Quantum Break came out in 2016, and is a mixture of animated and live-action content. No, come back! It’s from the people who made Alan Wake, which – wait! Man, it’s hard to sell this shit. I wrote a while back on the Tomb Raider reboot, and described it as cinematic gameplay done right – with Quantum Break as the example of doing it wrong. I won’t talk more broadly about the history of mixed live action/animated games, partly because, frankly, I don’t know a lot about them. But let’s talk about this game and how it comes across.
So the basic premise is that you play the game, and what you do in the game impacts what happens in a little TV episode that takes place between game chapters. That’s an interesting concept, I guess, but overall it’s a bit of a trainwreck. To me, the core issue is that the real actors are just much more compelling than the animated motion-captures. I’ll give you some evidence below. The game has an all-star cast, including Aiden Gillen from Game of Thrones, Shawn Ashmore, Dominic Monaghan, and the excellent Lance Reddick. They all get animated versions and human versions, and frankly, the human versions are just more compelling.
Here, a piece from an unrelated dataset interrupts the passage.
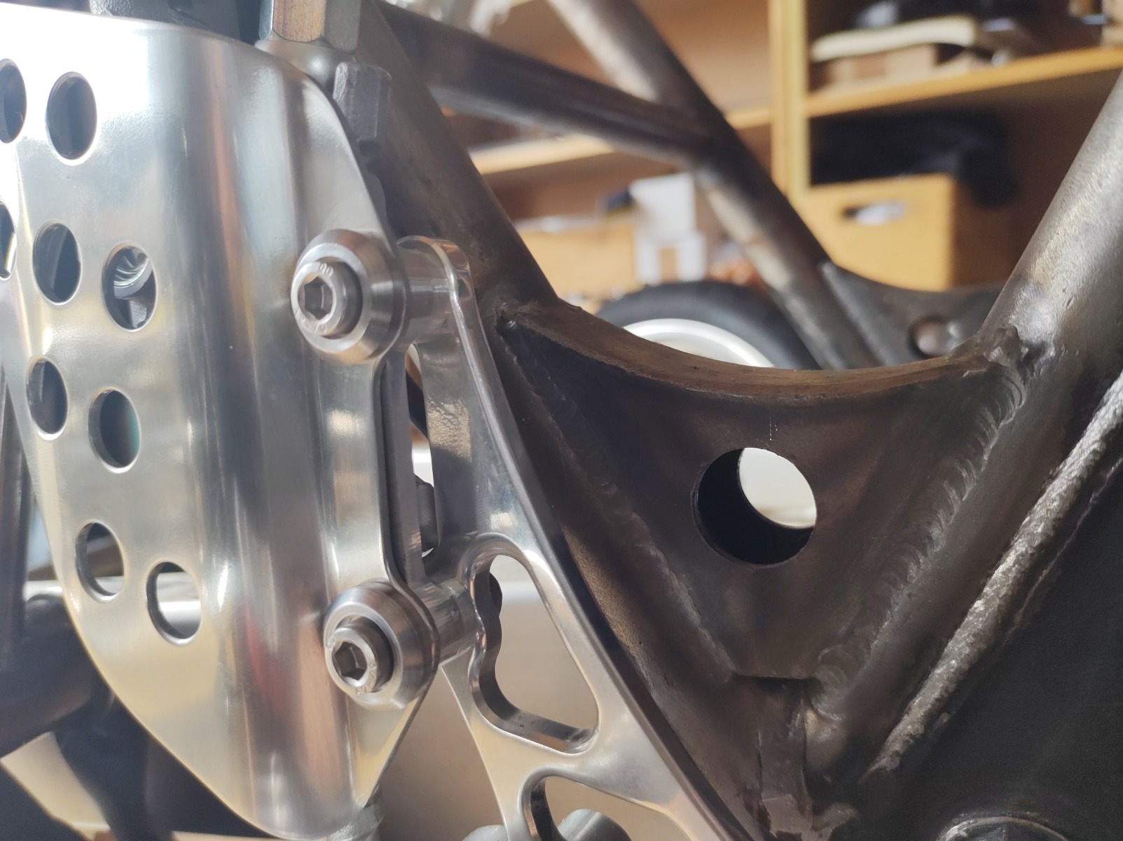 I shortened the torque bar for the rear brake and mounted the speedo sensor to the caliper:

I think you can see it even in the stills – if you compare this close-up shot of animated Gillen with the live action Gillen (below), you respond emotionally to the real guy in a way that you don’t with the animated form. There’s something compelling about the human face. It might be that genetically we respond to it more simply because it’s human – it’s related to but not precisely the uncanny valley effect. Usually we think about the uncanny valley in terms of images that make us feel uncomfortable, but more broadly I’m thinking about the ways we respond to human and non-human faces.
I’m no expert in animation, but there are often suggestions that within drawing (or whatever term encompasses ‘not-photographic visual representation’), more abstracted, exaggerated faces are more relatable to a wider audience. Scott McCloud talks about this in Understanding Comics – if you’ve got a picture of the classic smiley face, just a smile-line and two eye-dots, it’s so abstract that anyone can see themselves in it. If you give that face a beard and a skin colour, suddenly it’s a more specific person. If you don’t have a beard and that skin colour, it becomes harder to imagine yourself into that person. This is again a related idea, but still not quite what we’re talking about. We aren’t necessarily thinking ourselves into the shoes of either the animated character or the real character. It is about our relationship with these depicted characters, but not in terms of how we see ourselves in them.
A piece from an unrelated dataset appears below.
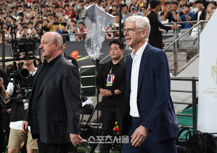 14일 서울월드컵경기장에서 열린 ‘2025 아이콘매치’ FC 스피어와 쉴드 유나이티드의 경기에 앞서 쉴드 유나이티드의 라파엘 베니테스 감독(왼쪽)과 FC 스피엉의 아르센 벵거 감독이 그라운드로 입장하고 있다. 2025. 9. 14.

I suggest the real issue here is at the intersection of the uncanny valley and the abstracted self – or rather, at the intersection of those fields. It’s about how the two forms (animated and live) display the idea of reality. If you’re watching an animated film that’s set basically on Earth, and you only see animated content, you accept that it’s a representation of reality rather than reality-itself. You know the real world isn’t that colourful, and you know animals don’t really dance like that or sing songs about true love. But animated film doesn’t necessarily make you think ‘Oh, this is so unreal’. It exists in its own little bubble universe, and we read it as a representation and suspend our disbelief and just enjoy the film.
The issue is crossing animated content with live-action content, especially when they’re two separate streams representing the same reality. We’re basically exposed to two methods of depicting the same fictional world. Aiden Gillen is depicted in live-action and through animation; this stand-off above is depicted in live-action and through animation. When you recognise that these two streams depict the same fictional world, you inevitably start drawing comparisons between them. As audience, what differences do we notice between live-action and animation? What are the framing techniques for each shot? Notice that in the stand-off the colouring is different, even though they’re depicting the same fictional moment. The live-action doesn’t have a light source shining directly in the woman’s face. The light on top of the van’s rear window is red in the film and white/grey in the animation. These are pretty minor differences, but the point is that it’s hard to just reconcile these two depictions. Ultimately it’s not surprising that most people will come to prefer one over the other.
This is where we return to the face issue from the start. If you’re presented with animated Aiden Gillen and real Aiden Gillan, the real one’s probably going to be more interesting. We automatically respond (knowingly or otherwise) to facial cues and body language in other human beings. Seeing actors in a live-action film just seems to prompt a biological interpersonal reaction that we don’t necessarily get with the animated version, especially not when that animated version is trying to reproduce the live-action environment in a realistic sort of way. I’m aware that we might respond emotionally to exaggerated facial features in animation and so on – big eyes, exaggerated crying, animals with massive bobble-heads – and there’s something to be said for the evocation that happens with non-realist animation. But because these two streams are so closely related, and because the animation here is trying as hard as possible to imitate the real world, we can reasonably judge it in terms of the other, far superior representation of the real world found in the live action content. Basically, this animation’s not hot enough to supplant or even legitimately compare to the depth and connection we feel with the live action representation. For me, this game felt like watching a show and then playing through a shitty animated version of that show’s events. It’s an experiment in cinematic gameplay that simply didn’t pay off. Also the quality of the TV show is piss poor holy shit how did they think that was a good idea.